Um … what? No open tender for Qld’s cloud email



blog If you’ve been following the Queensland Government’s long-running and troubled attempts to deploy a whole of government email solution (dating back to at least 2008), you’ll be aware that the project hasn’t precisely been a bed of roses so far. From 2008 through 2011, the state’s so-called Identity, Directory and Email Services program was able to bring just 2,000 users onto its new, Microsoft Exchange-based platform.

The project was eventually scrapped 15 months ago under the new LNP administration in the state, and Queensland IT Minister Ian Walker has been vocal about wanting to adopt an email platform based on cloud computing, rather than the internally-deployed approach that failed Queensland last time. The only problem is, according to iTNews, now that the state has decided to progress with a cloud-based email platform, it’s not doing so via open tender.

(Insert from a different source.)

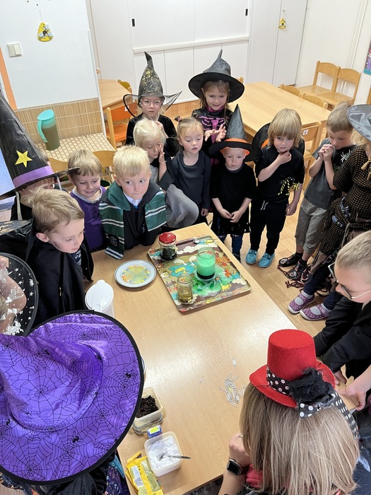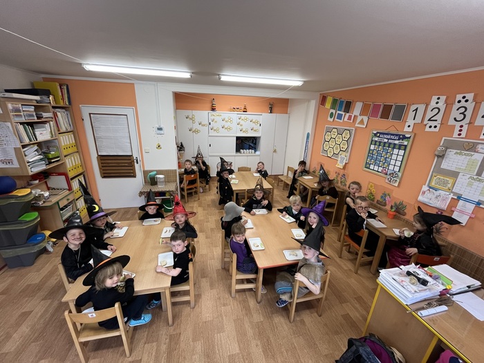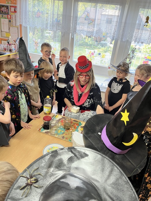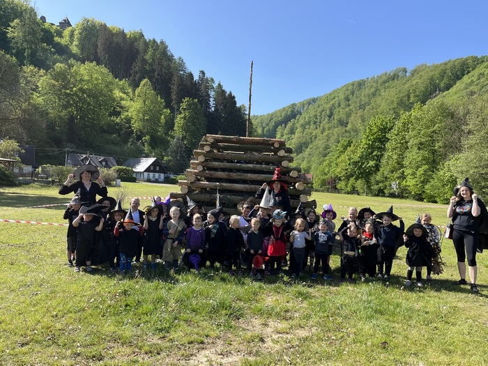 30. 4. přišlo k nám do školky, místo dětí, spousta čarodějnic a čarodějů. Ve třídě Berušek si každý nakreslil a „oblékl“ svoji čarodějnici. Potom jsme společně vyčarovali bublavý lektvar, tančili, začarovávali se na různá zvířátka a fotili se. Také jsme ochutnali dobrotu, kterou pro děti vykouzlil Matoušek. Ve třídě Včeliček děti nejdříve plnily čarodějnické úkoly, vařily lektvary podle zadaných ingrediencí, procházely pavučinou a namalovaly si čarodějnici. Nakonec vyzkoušely několik tajemných pokusů. V rámci vycházky jsme si všichni společně udělali promenádu v maskách po Potštejně a obhlédli si na Bělisku hranici nachystanou na večer. Úplně nakonec nás ještě na zahradě čekala stezka s čarodějnými úkoly.

The media outlet reports today (we recommend you click here for the full article):

Queensland’s Department of Science, IT, Innovation and the Arts (DSITIA) has quietly commenced negotiations with two cloud providers to set up a contract for “public cloud communication and collaboration services”.

Now, on the one hand, you have to applaud Queensland for expediting this project, which has been on the drawing board since 2008 and needs to get into high gear. Open tendering processes run by government departments are, after all, some of the slowest processes known to man — and if the Queensland Government was to seriously go out there and evaluate the entire market, it would take an age.

There is also the fact that, as we’ve seen recently with a similar project with the NSW Government, there are really, ultimately, only two viable technology solutions for the Queensland Government’s cloud needs on this scale, being Microsoft’s Office 365 system and Google’s Gmail/Google Apps option.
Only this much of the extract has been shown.